TDR and VRAM lost handling in KMD:

Wed Oct 11 09:16:57 UTC 2017

On 11.10.2017 11:02, Christian König wrote:
>> 1.Kick out all jobs in this “guilty” ctx’s KFIFO queue, and set all 
>> their fence status to “*ECANCELED*”
>>
>> Setting ECANCELED should be ok. But I think we should do this when we 
>> try to run the jobs and not during GPU reset.
>>
>> [ML] without deep thought and expritment, I’m not sure the difference 
>> between them, but kick it out in gpu_reset routine is more efficient,
>>
> I really don't think so. Kicking them out during gpu_reset sounds racy 
> to me once more.
> 
> And marking them canceled when we try to run them has the clear 
> advantage that all dependencies are meet first.

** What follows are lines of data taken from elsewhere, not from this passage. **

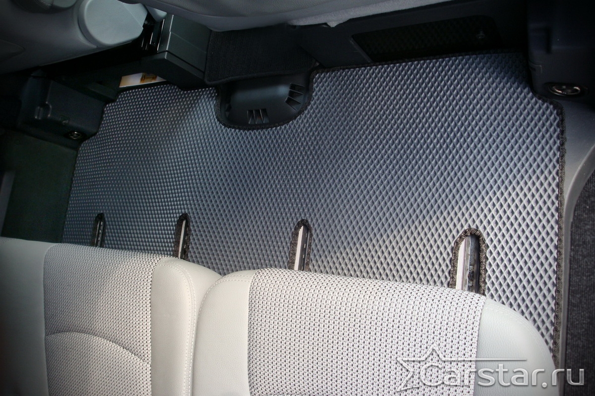 Текстильные коврики надёжно крепятся с помощью оригинальных систем фиксации. Обратная сторона имеет противоскользящее покрытие, что обеспечивает защиту от смещений и безопасность. Максимальное удобство достигается точными лекалами.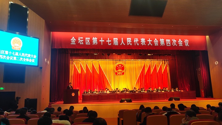 2020年1月4日,在金坛区第十七届人民代表大会第四次会议第二次全体会议上,金坛法院党组书记、代院长于立峰向大会报告法院工作。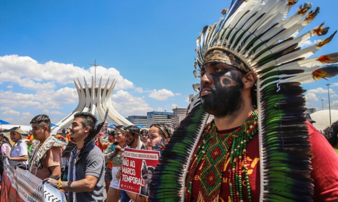 Para acompanhar o julgamento no STF, indígenas estão mobilizados em Brasília. Eles também se manifestam contra a tentativa do Senado de legalizar o marco temporal.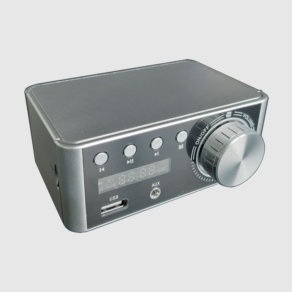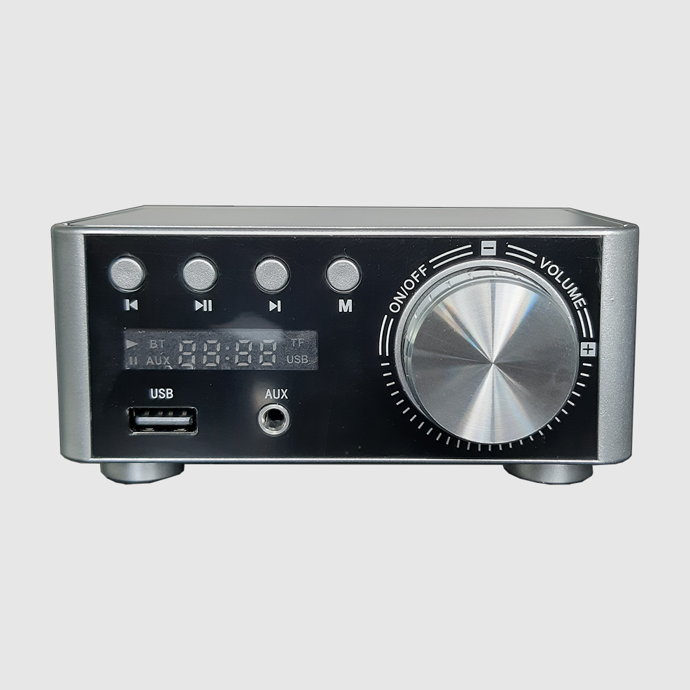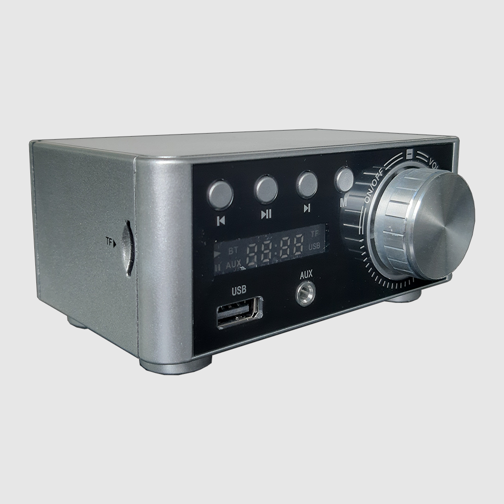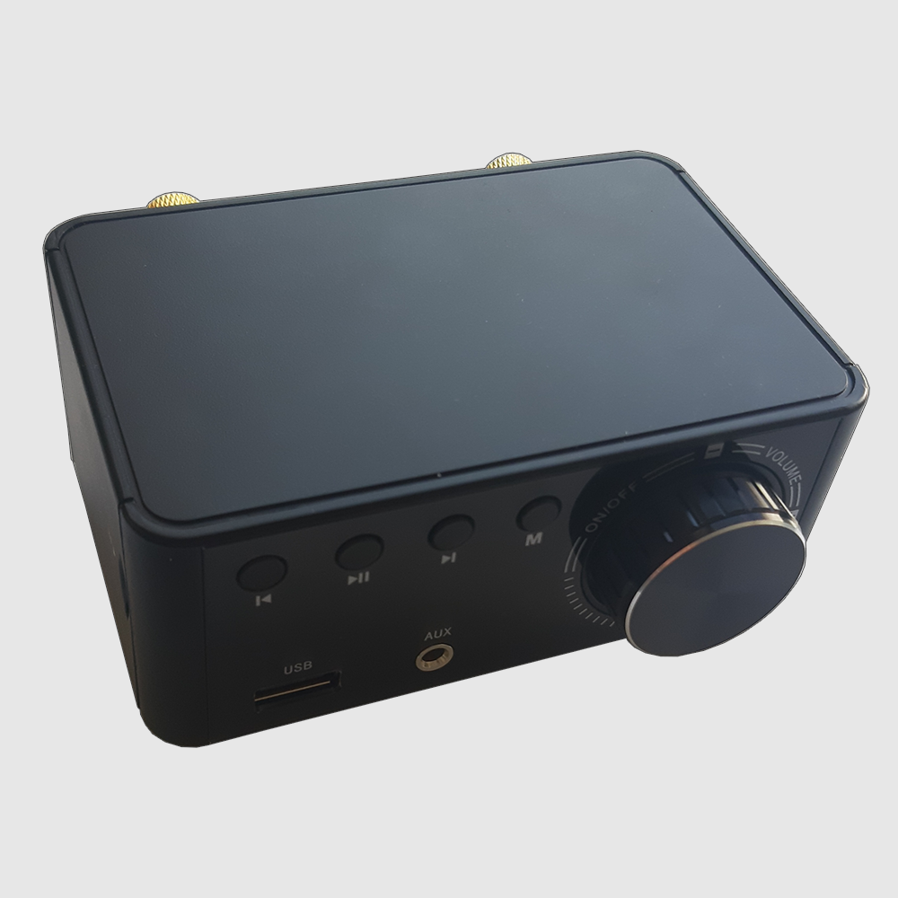 آمپلی‌فایر MiniAmp تمام اهمی دارای صفحه نمایشگر، دارای کلید ولوم، ورودی USBو SDکارت، بلوتوث، ورودی AUX، ورودی برق 9 تا 24 ولت DC (نیاز به آداپتور جداگانه دارد)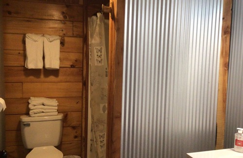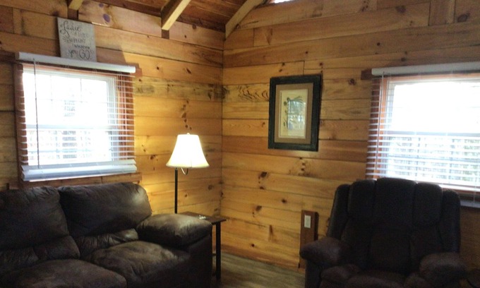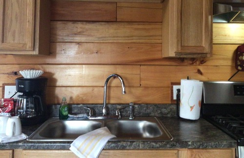 This cabin features a full kitchen, dining and living area. The kitchen is equipped with a small gas range, refrigerator, and cooking and dining basics. It has two bedrooms, king size beds, dressers, and individual heating/air conditioning units with a remote. The full bathroom is large and conveniently located in the hall between the two bedrooms. The living area has a nice oversized couch which could suffice as a sleeping space for a guest. The deck on the back of the house overlooks the wooded area that surrounds the property. The house is tucked away and private with convenient parking for unpacking.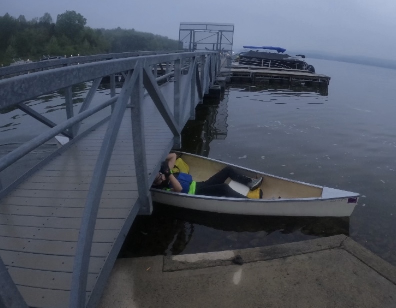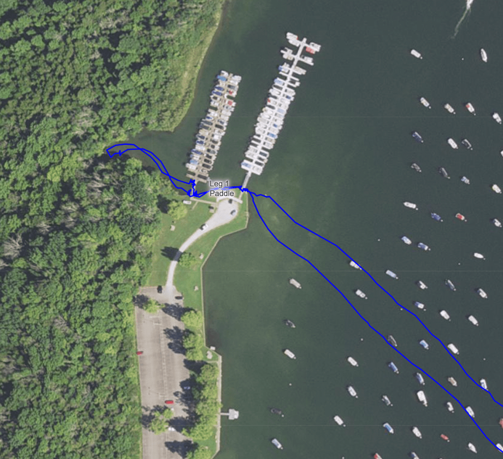 After the paddle we rode our bikes uphill to the start of the O-Course section. This was a fun 12 km trek around the woods, picking up the CP’s over the next three hours. I’m getting a bit more comfortable with the orienteering maps scale and level of detail. We hopped on our bikes and biked around the east side of the lake, making our way to the next TA at the dam. From there, we had a fairly long (15.7 miles) trek around the west side of the lake and cutting over on the causeway. This was all on a very well marked trail and for teams with more gas it would have made a lovely trail run! I was unfortunately dealing with an achilles tendon issue that made uphill trekking pretty painful and not super fast. We got the job done in 6 hr 15 mins, a bit slower than ideal. We hiked into the TA, which was also the start/finish area pretty foot sore and more than ready for a snack! I’m not sure if we knew beforehand about a time cutoff for the next section but we made it with just a few minutes left. Brian told us we could proceed on the paddle if we went directly to the dam and did not stop for any CP’s. Since we still had about 3 1/2 hrs of racing left and our bikes were down at the dam, we changed our shoes, had a snack (I enjoyed an ice cold beer), we set out on paddle #2! This was a straight forward, flat water paddle a little over 4 miles and we did it in less than an hour. From here it was a quick 11 mile bike back to the finish!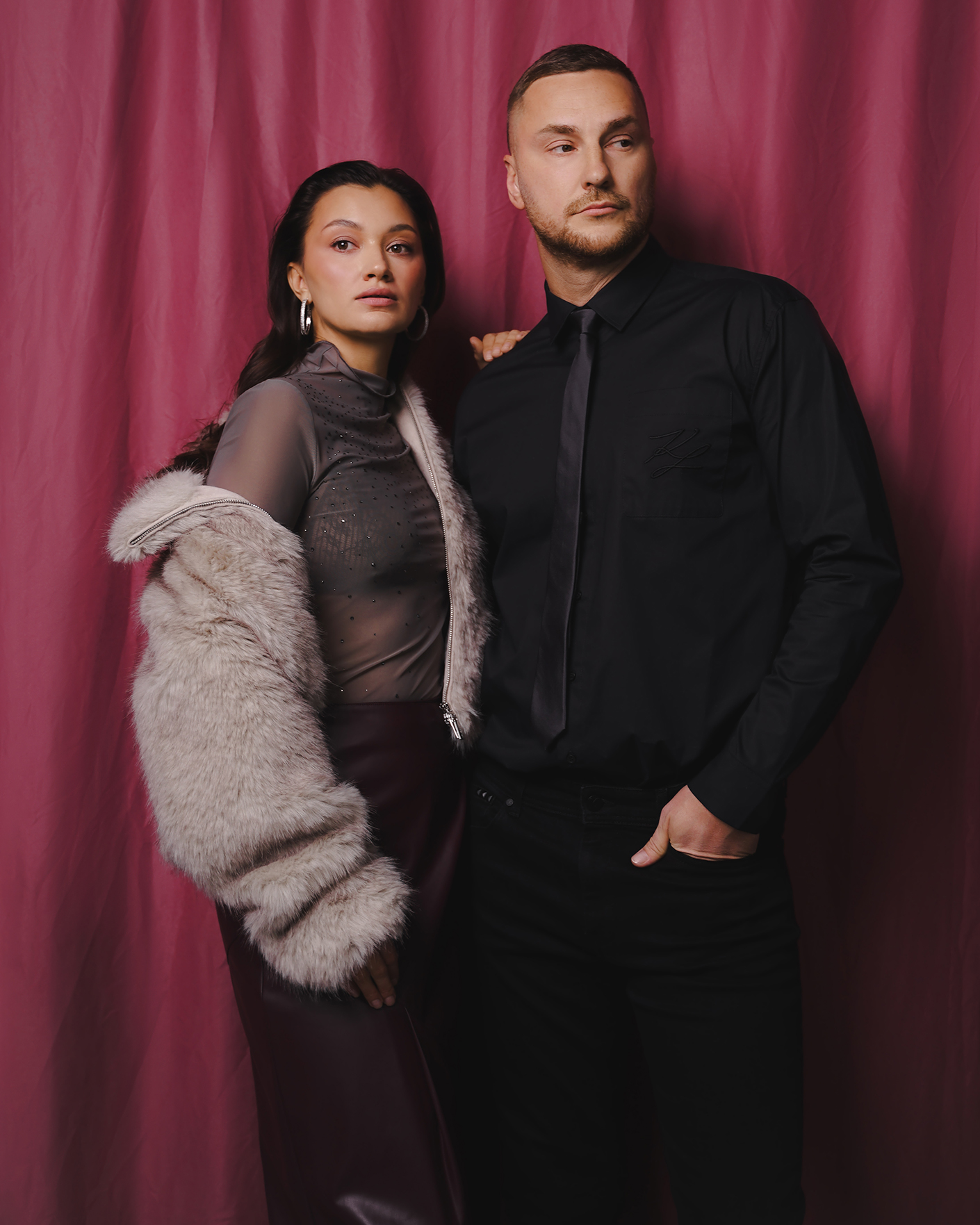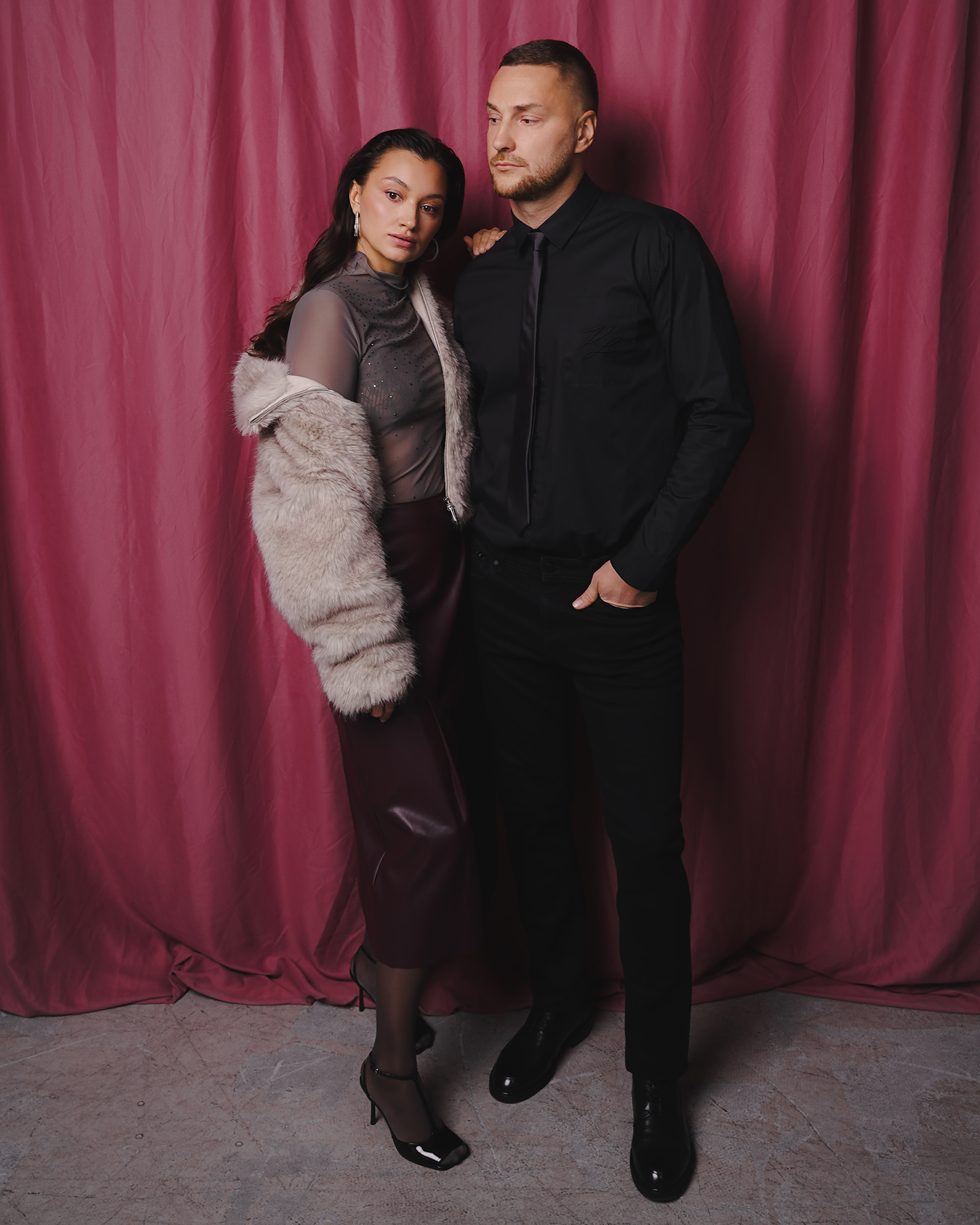Строгий образ на праздничный вечер состоит из хлопковой рубашки черного цвета и из базовых джинс в черном цвете.

This makes sense to me as well.

It raises a vaguely related question: What happens to jobs whose 
dependencies were canceled? I believe we currently don't check those 
errors, so we might execute them anyway if their contexts were 
unaffected by the reset. There's a risk that the job will hang due to 
stale data.

I don't think it's a huge risk in practice today because we don't have a 
lot of buffer sharing between applications, but it's something to think 
through at some point. In a way, canceling out of an abundance of 
caution may be a bad idea because it could kill a compositor's task by 
being overly conservative.

Cheers,
Nicolai